2. The "Arthur" himself left...
Friday, 10 April 2009 1:41 pm

Ms. Curbpainter, you missed my point entirely. Nowhere did I assert that having reflective house numbers is not a good idea. My comment was that by enacting laws that require the house numbers and provide for a fine in their absence, the government is criminalizing yet another bit of behavior that ought to be left to the individual. Either you put up the house number so it can be seen, or suffer the consequences if emergency service is required. In the case of the specific law I discuss here, the county has made it a fine-able offense not to have a reflective house number on the side or rear of your house, if it's accessible via an alley. In the first place, there are many locations in this county where the alleys are too small to permit access by emergency apparatus. In the case of my own particular residence, there is virtually no reason an emergency vehicle would approach via the alley, which runs along the side of the property, because the front of the house faces a 35 foot wide two-way street. So this law just becomes one more way that a neighbor or county worker who gets a bug up his ass about something can make trouble for me.

My reflective house numbers are posted on both sides of my street-side mailbox, and on my front gate.
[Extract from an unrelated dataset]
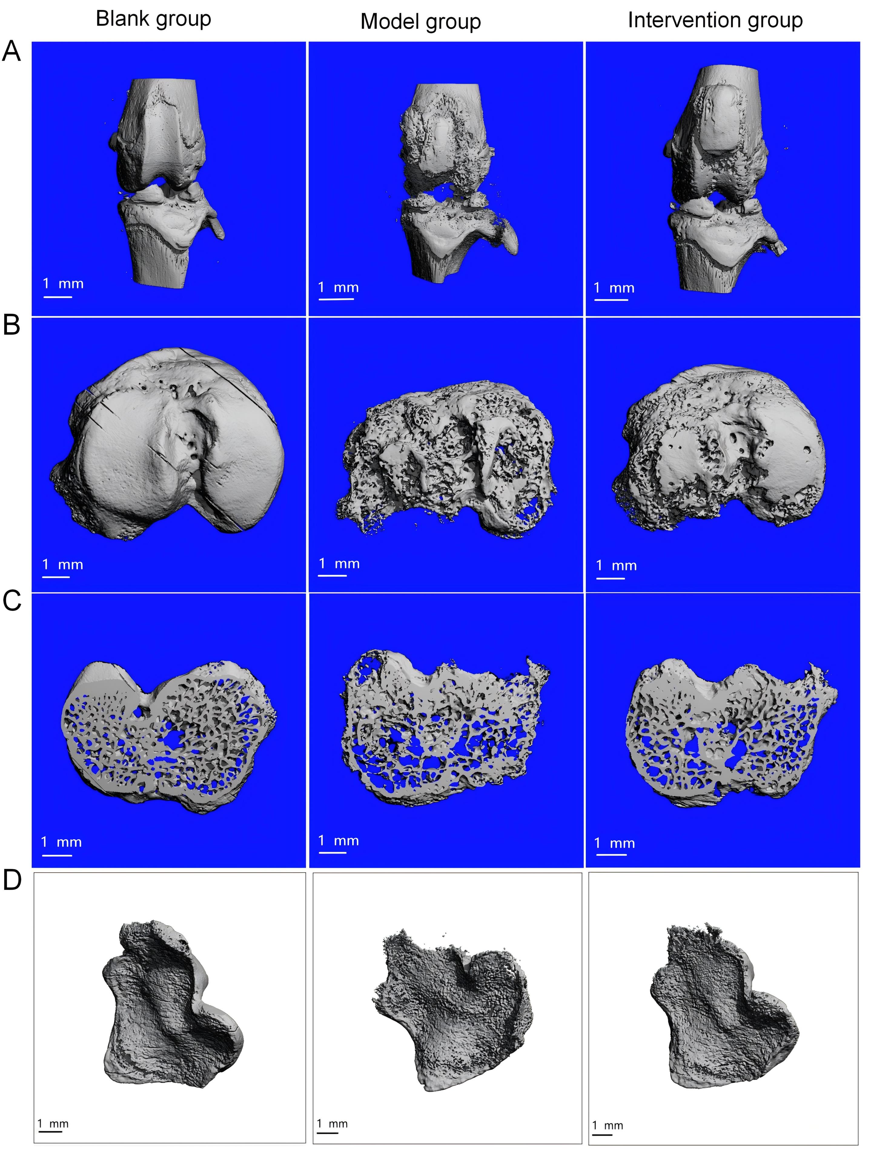 Figure 2 Micro-CT imaging of the rat knee joint after monosodium iodoacetate injection and fraxetin treatment Note: A, B, C, and D represent micro-CT images of the knee joints of three groups of rats, scanned at the levels of 3D reconstruction, the tibial platform, the subchondral bone, and specific cross-sectional regions, to assess bone structure and evaluate osteoarthritis changes. The blank group refers to rats that were first injected with 50 μL of normal saline into the right knee joint cavity, followed by intra-articular injections of 50 μL of normal saline for 7 consecutive days; the model group refers to rats that were injected with one time injection of 50 μL fresh prepared monosodium iodoacetate (60 mg/mL)in the right knee joint cavity to induce osteoarthritis, followed by injection of 50 μL of normal saline for 7 consecutive days; the intervention group refers to rats that were injected with one time injection of 50 μL fresh prepared monosodium iodoacetate (60 mg/mL)in the right knee joint cavity, followed by intra-articular injections of fraxetin (5 mg·kg-1·d-1, dissolved in 50 μL of normal saline) for 7 consecutive days.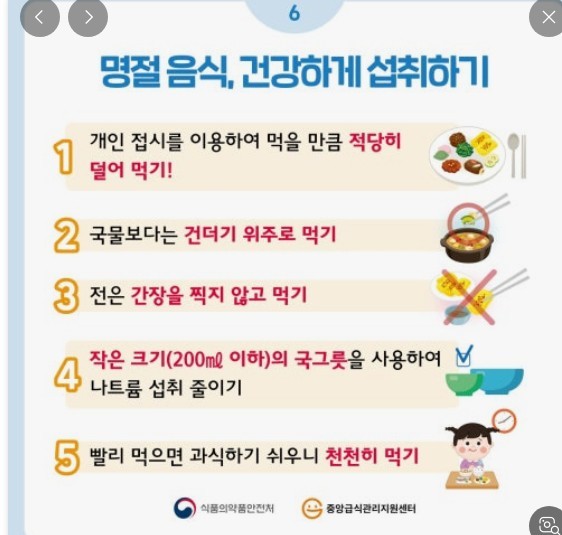 명절 음식부터 조심해야 한다. 명절 음식은 대체로 고열량, 고지방에 콜레스테롤이 많으므로 무엇보다 과식을 삼가야 한다. 나물은 기름에 볶기보다는 데치는 조리법, 육류는 기름기 제거 후 삶는 조리법이 건강에 이롭다.

You can probably even read at least one set from the alley.

As regards your signature as "curbpainter girl," a little research will reveal that almost no fire or police department recommends painting the house number on the curb. The reason being that if a vehicle is parked in front of that spot, the number may as well not be there. Moreover, some subdivisions have covenants that prohibit curb painting, and from what I have read, more often than not curb-painting operations are run by scammers who use cheap materials.

Conclusion: read the goddamned blog before you comment, and it might not hurt for you to have a look at yourself in the mirror before you criticize someone else.